Monday, Nov. 11, 1946

BCG Breakthrough

U.S. doctors had hesitated for 25 years to make the plunge, but last week they finally did. The U.S. Public Health Service announced that it had decided to make a big-scale test of BCG,* the anti-tuberculosis vaccine. Somewhere in the South, in a community with a high T.B. deathrate, PHS will soon have under way the first U.S. experiment in community-wide immunization against T.B. by vaccinating 100,000 people.

BCG vaccine is made from weakened tubercle bacilli. It immunizes by building up a person's resistance through a mild infection.

Despite its wide use abroad (in Denmark, Norway, Russia, Canada, South America), U.S. authorities have been leary of BCG because 1) they feared that the original mild infection might in time become severe, 2) an experiment with poorly prepared BCG once caused a disastrous T.B. outbreak in Luebeck, Germany.

They yielded, finally, to the persuasive arguments of one of the world's great T.B. experts: Denmark's Dr. Johannes Holm. Dr. Holm is so convinced of BCG's worth that during the war he took the risk of smuggling the vaccine to Danish prisoners in German concentration camps.

Two months ago, at an unpublicized conference of top U.S. specialists in Washington, Dr. Holm produced his carefully documented evidence: he and his co-workers had immunized 250,000 Danes, cut their T.B. deathrate to one-seventh that of the unvaccinated. BCG, he said, "is absolutely safe." The clincher: a U.S. test of 3,000 Indians which produced the same impressive results (TIME, June 24).

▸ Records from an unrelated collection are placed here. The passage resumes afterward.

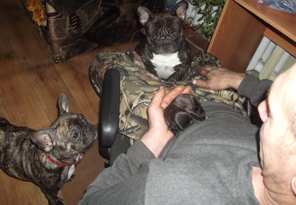 Доброго времени …С наступающим ! Последнее фото очень тронуло. Как мама заботится ? аккуратная ? глаза у щенка наверное прозрели …как с кормлением дело…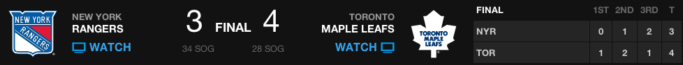 Infelizmente, pelo segundo jogo seguido, os Leafs foram vencidos nas cobranças de penaltis. Jonathan Bernier não conseguiu realizar defesas nos dois primeiros chutes, de Mats Zuccarello e Derek Stepan, enquanto James Van Riemsdyk foi defendido por Cam Talbot e Joffrey Lupul marcou para os Leafs. A decisão foi para a terceira rodada de penaltis, onde Rick Nash foi o primeiro e chutou para fora. Nazem Kadri era o batedor pelos Leafs e, se marcasse, empataria a série, mas acabou defendido por Cam Talbot, que deu a vitória aos Rangers.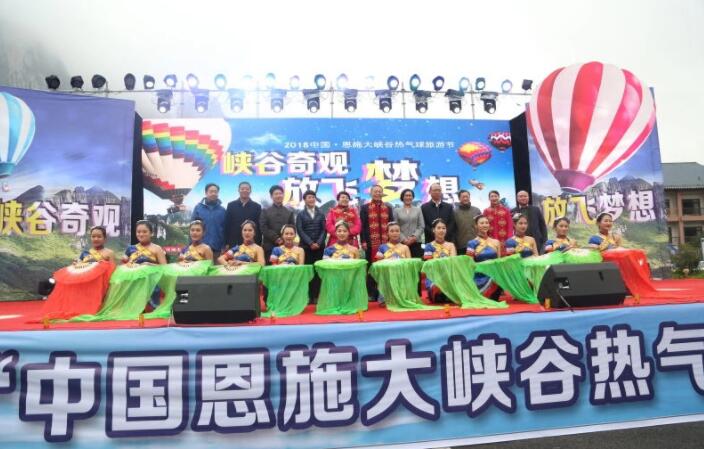 【香港商報網訊】記者 李映華 報導:10月21日上午10點,“峽谷奇觀 放飛夢想——2018中國恩施大峽谷熱氣球旅遊節”在景區廣場盛大開幕,旅遊體育文化傳媒完美結合。特邀嘉賓韓國駐武漢總領事金永瑾出席開幕式,恩施州人民政府副州長高敬佩女士、湖北省旅游文化投資集團有限公司黨委副書記副總經理陳華志先生,湖北廣播電視臺副臺長張建紅女士,恩施市委常委宣傳部部長郭亞妮女士等共同出席并致辭。

For the big experiment, PHS will choose not only a community with a high T.B. deathrate, but one with few T.B. hospital beds. Among the chief guinea pigs: nurses and other hospital workers constantly exposed to T.B. infection. The vaccine, barred from commercial manufacture, will be produced in PHS's own laboratory.

* For "Bacillus of Calmette and Guerin," the two French scientists who developed the vaccine in cattle and first used it on human patients in 1921.